Lee P I, Chang M H, Chen D S, Hsu H C, Lee C Y
Department of Pediatrics, College of Medicine, National Taiwan University, Taipei, Republic of China.
J Pediatr Gastroenterol Nutr. 1990 Jul;11(1):27-31. doi: 10.1097/00005176-199007000-00005.
Serum alpha-fetoprotein (AFP) values in 61 patients with neonatal hepatitis were compared with the normal ranges of AFP in infants and were expressed as standard deviation (SD) scores. The size of SD score indicates how many standard deviations the measured AFP value is away from the mean value of the normal population. An extremely elevated AFP value is arbitrarily defined as a SD score higher than 4.0, i.e., above mean + 4 SD. The result showed that rapid recovery from jaundice before 6 months of age occurred in 16 of 17 (94%) with SD scores of AFP lower than 4.0. By contrast, in 26 with SD scores of AFP higher than 4.0, 17 (65%) has less favorable clinical courses, either slow in recovery or progressing to chronic liver disease and even death. This correlation between AFP level and prognosis was related to the fact that higher AFP values were associated with more severe inflammatory changes in the liver, as assessed from either biochemical parameters (peak total and direct bilirubin levels) or histological findings (portal inflammation and giant cell transformation.
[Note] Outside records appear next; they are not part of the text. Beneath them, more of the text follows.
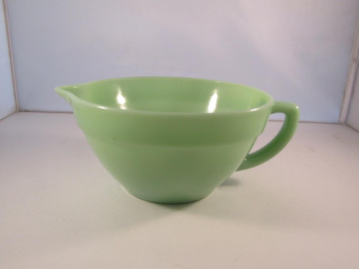 Vintage Fire King Jadeite Batter Bowl with Spout- Approx 7 1/2" in Diameter, 4" Tall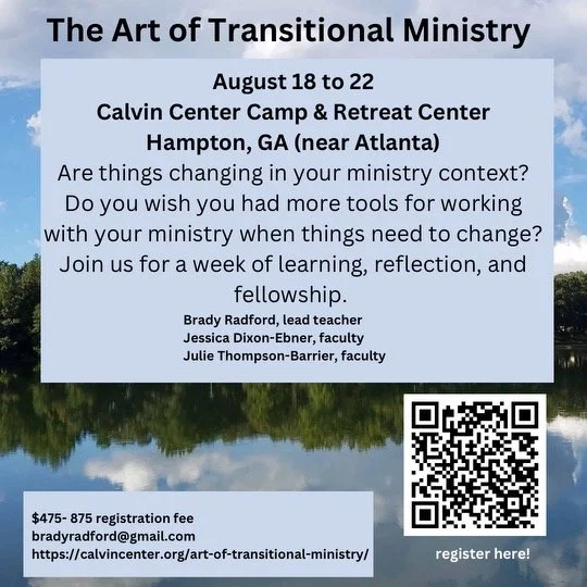 Art of Transitional Ministry training from August 18-22, 2024. This five-day intensive offers a rich blend of small group learning, reflection, and fellowship. It is specifically designed for church leaders who want to deepen their toolbox with essential skills for guiding congregations through seasons of transition.
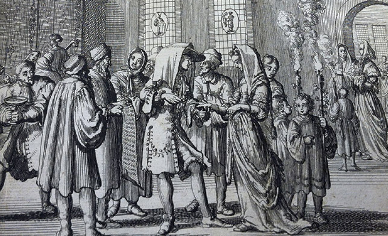 Etching by Jan Luyken, “Kerk-Zeeden ende Gewoonten die huiden in gebruik zijn onder de Jooden” (Church rules and habits practised today by Jews) – Amsterdam – 1683.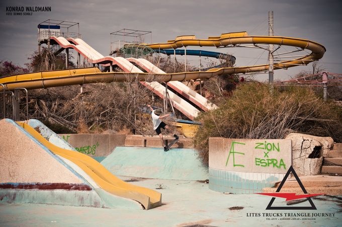 Israel seems to be the destination du jour in skateboarding at the moment, with tour videos coming in from all sides. It is easy to see why when you see some of the spots they have tucked away, unexpected banks and street transitions in the kind of settings that are a cinematographer’s dream! Lites Trucks are the latest visitors, hitting Tel Aviv, Ashdod, Eilat and Jerusalem to find any spot they can uncover included an incredible looking abandoned water park. This is the trailer for ‘Triangle Journey’, with Justin Sommer, Konrad Waldmann, Giorgi Balkhamshvili, Marco Kada, Martin Huppertz, Marlon Schollmeier, Max Ritter, and Dennis Scholz.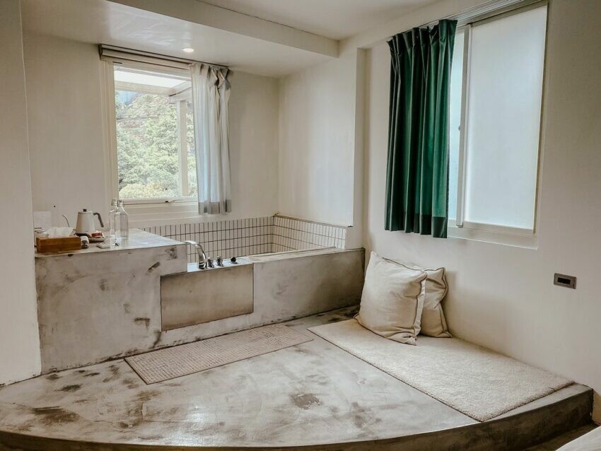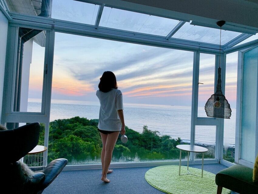 不想住星級飯店那就到新北近郊與大海環山為臨吧,位在金山的【暮光民宿】是一家蓋在面海的小山丘無人度假新北民宿,純白建築自帶小池塘的私人招待所非常顯眼。每間客房都有整面落地窗,變化萬千的海景就是天然的液晶螢幕,房內簡約兼具設計感的傢俱及擺設等樣樣都是精挑細選,說是拍偶像劇的場景一點也不為過。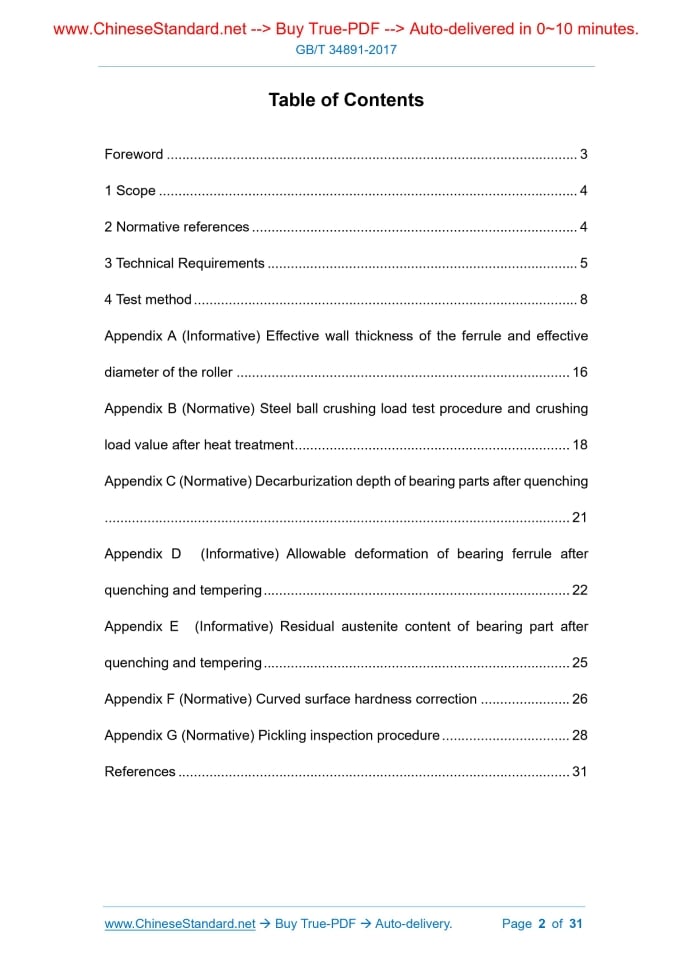 Similar standardsGB/T 34891-2017: Rolling Bearings - Parts Made from High-carbon Chromium Bearing Steels - Specifications for Heat Treatment---This is an excerpt. Full copy of true-PDF in English version (including equations, symbols, images, flow-chart, tables, and figures etc.), auto-downloaded/delivered in 9 seconds, can be purchased online: https://www.ChineseStandard.net/PDF.aspx/GBT34891-2017 NATIONAL STANDARD OF THE PEOPLE’S REPUBLIC OF CHINA ICS 21.100.20 J 11 Rolling Bearings - Parts Made from High-carbon Chromium Bearing Steels - Specifications for Heat Treatment Issued on. NOVEMBER 01, 2017 Implemented on. MAY 01, 2018 Issued by. General Administration of Quality Supervision, Inspection and Quarantine; Standardization Administration of the People's Republic of China. Table of ContentsForeword... 3 1 Scope... 4 2 Normative references... 4 3 Technical Requirements... 5 4 Test method... 8 Appendix A (Informative) Effective wall thickness of the ferrule and effective diameter of the roller... 16 Appendix B (Normative) Steel ball crushing load test procedure and crushing load value after heat treatment... 18 Appendix C (Normative) Decarburization depth of bearing parts after quenching ... 21 Appendix D (Informative) Allowable deformation of bearing ferrule after quenching and tempering... 22 Appendix E (Informative) Residual austenite content of bearing part after quenching and tempering... 25 Appendix F (Normative) Curved surface hardness correction... 26 Appendix G (Normative) Pickling inspection procedure... 28 References... 31ForewordThis Standard was drafted in accordance with the rules given in GB/T 1.1-2009. This Standard was proposed by China Machinery Industry Federation. This Standard shall be under the jurisdiction of National Rolling Bearing Standardization Technical Committee (SAC/TC 98). The drafting organizations of this Standard. Luoyang Bearing Research Institute Co., Ltd., Zhejiang Tianma Bearing Group Limited Company, Zhejiang XCC Group Co., Ltd., Dong’e Shandong Steel Ball Group Co., Ltd., Jiangsu Lixing General Steel Ball Co., Ltd., Pizhou Power-Steering Bearing Co., Ltd., Xinchang Hengli Bearings Co., Ltd., Shandong Yujie Bearing Manufacturing Co., Ltd., Hebei Xintai Bearing Forging Co., Ltd., Zhejiang Jinhuan Bearing Co., Ltd., Yanshan University, Ruilian Machinery (Hangzhou) Co., Ltd., Dong E County Hua Tao Steel Ball Co., Ltd. Zhejiang Zhongji Casting & Forging Co., Ltd., Changzhou Longpont Lube Co., Ltd., Chongqing Changjiang Bearing Co., Ltd. The drafters of this Standard. Lei Jianzhong, Shi Dafang, Wang Mingzhou, Hu Linzhuang, Yang Yong, Ma Lin, Mei Yali, Zhang Yunxi, Xiao Caichao, Cai Meigui, Li Jingui, Dong Guanjun, Zhang Fucheng, Zhang Zhenhua, Fan Zhiguo, Hu Weiyong, Geng Wei, Zhao Xingxin. Rolling Bearings - Parts Made from High-carbon Chromium Bearing Steels - Specifications for Heat Treatment1 ScopeThis Standard specifies the technical requirements and test methods for annealing, quenching and tempering of G8Cr15, GCr15, GCr15SiMn, GCr15SiMo, GCr18Mo steel rolling bearing rings and rolling elements (hereinafter referred to as bearing parts) in accordance with GB/T 18254. This Standard is applicable to the heat treatment quality inspection of the above-mentioned steel bearing parts process and finished parts, and also to the heat treatment quality inspection of other high-carbon chromium steel bearing parts. For bearing parts with special requirements, perform according to the specifications of corresponding product drawings.2 Normative referencesThe following documents are indispensable for the application of this document. For dated references, only the dated version applies to this document. For undated references, the latest edition (including all amendments) applies to this document. GB/T 230.1-2009, Metallic materials. Rockwell hardness test. Part 1.Test method (scales A, B, C, D, E, F, G, H, K, N, T) GB/T 231.1, Metallic materials. Brinell hardness test. Part 1.Test method GB/T 272-2017, Rolling bearings. Identification code GB/T 1172, Conversion of hardness and strength for ferrous metal GB/T 4340.1, Metallic materials. Vickers hardness test. Part 1.Test method GB/T 6394, Determination of estimating the average grain size of metal GB/T 17394, Metallic materials - Leeb hardness test GB/T 24606, Rolling bearings. Non-destructive testing. Magnetic particle testing JB/T 7361, Rolling bearings. Test method for hardness of parts JB/T 7362, Rolling bearing. Determination of decarburized depth for parts3 Technical Requirements3.1 Technical requirements of bearing parts after spheroidizing annealing The technical requirements of bearing parts after spheroidizing annealing are as specified Table 1. 3.2 Technical requirements of bearing parts after martensite quenching and tempering4 Test methodThe test method is as specified in Table 7.Appendix A(Informative) Effective wall thickness of the ferrule and effective diameter of the roller For the effective wall thickness of the ferrule and the effective diameter of the roller, see Figure A.1.Appendix B(Normative) Steel ball crushing load test procedure and crushing load value after heat treatment B.1 Scope This appendix specifies the crushing load test procedure and crushing load value for steel balls whose nominal diameter is ɸ3 mm ~ ɸ50.8 mm. B.2 Steel ball crushing load test procedure B.2.1 For each batch of heat-treated steel balls, take three sets of balls (9 pieces) for the ball crushing load test. The dimensional tolerances of the steel balls shall be the same. B.2.2 When the semi-finished steel ball after heat treatment is taken for the crushing test, the surface of the steel ball is not allowed to have surface defects such as wheel injury, pit, bump or pitting. B.2.3 When the crushing test is carried out, the loading speed can be loaded as per 980 N/s ~ 5 880 N/s. ......Source: Above contents are excerpted from the full-copy PDF -- translated/reviewed by: www.ChineseStandard.net / Wayne Zh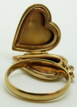 A 9ct gold heart locket 4g and an 18ct gold wedding ring / band 2.3g

将61例新生儿肝炎患者的血清甲胎蛋白(AFP)值与婴儿AFP正常范围进行比较,并以标准差(SD)评分表示。SD评分的大小表明所测AFP值偏离正常人群平均值的标准差数量。AFP值极度升高被任意定义为SD评分高于4.0,即高于平均值+4SD。结果显示,17例SD评分低于4.0的患者中有16例(94%)在6个月龄前黄疸迅速消退。相比之下,26例SD评分高于4.0的患者中,17例(65%)临床病程较差,要么恢复缓慢,要么进展为慢性肝病甚至死亡。AFP水平与预后之间的这种相关性与以下事实有关:从生化参数(总胆红素和直接胆红素峰值水平)或组织学结果(门脉炎症和巨细胞转化)评估,较高的AFP值与肝脏更严重的炎症变化相关。